Schrödinger Wave Function Of A Particle In A Box

Assume a box contains a particle and that the interior corresponds to:

0 < x < L_x, 0 < y < L_y, 0 < z < L_z

for some L_x, L_y and L_z. Assume also that the potential energy is zero for the interior and unbounded for the exterior. The Hamiltonian eigenfunctions are:

[A_xsin(k_xx) + B_xcos(k_xx)][A_ysin(k_yy) + B_ycos(k_yy)][A_zsin(k_zz) + B_zcos(k_zz)]

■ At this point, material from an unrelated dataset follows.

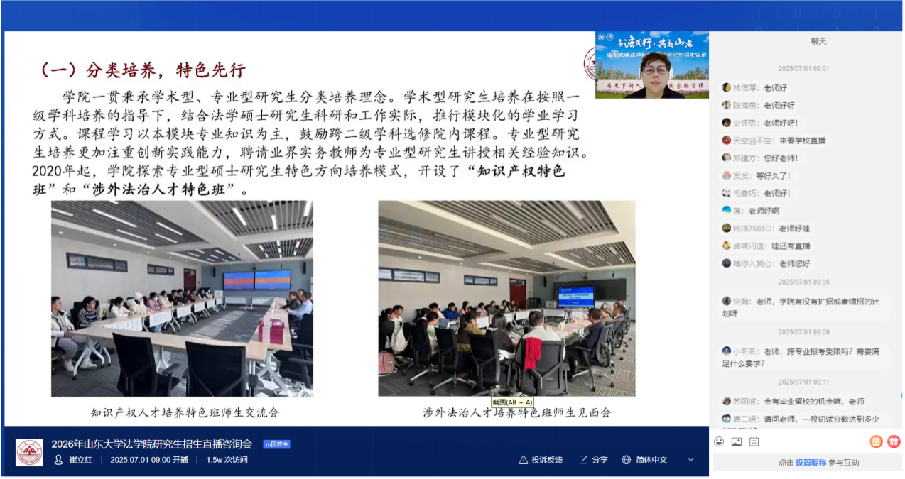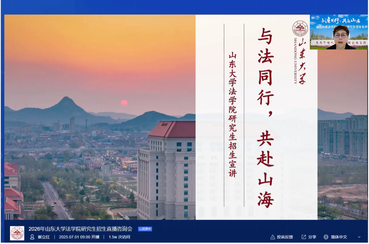 7月1日上午9点-10点,taptap点点体育2026年研究生招生直播咨询会在中国教育在线直播平台上顺利举行。学院副院长崔立红教授以“与法同行,共赴山海——taptap点点体育研究生招生宣讲”为题,向考生介绍学院的基本情况和研究生招生的相关政策,直播间访问量达到1.5万人次。

for some A_x, B_x, A_y, B_y, A_z, B_z, k_x, k_y and k_z.  The corresponding eigenvalues are:

[ħ² / (2m)] (k_x² + k_y² + k_z²)

where m is the mass of the particle.  Because the Hamiltonian eigenfunctions are zero at the edges:

B_x = B_y = B_z = 0, k_xL_x = n_xπ, k_yL_y = n_yπ and k_zL_z = n_zπ

for some integers n_x, n_y and n_z.  Because the volume integrals of the squares over all space are one:

A_x = √ 2 / L_x, A_y = √ 2 / L_y and A_z = √ 2 / L_z.

The Hamiltonian eigenfunctions become solutions to the Schrödinger equation when the corresponding exponential time functions are added. Therefore, solutions to the Schrödinger equation consist of combinations of functions of the following form:

sin(jπx / L_x) sin(kπy / L_y) sin(lπz / L_z) e^{-iE_jklt / ħ}

where:

E_jkl = (π² ħ²)(j² / L_x² + k² / L_y² + l² / L_z²) / (2m)

for integers j, k and l. The coefficients must be chosen to give the correct initial Schrödinger wave function.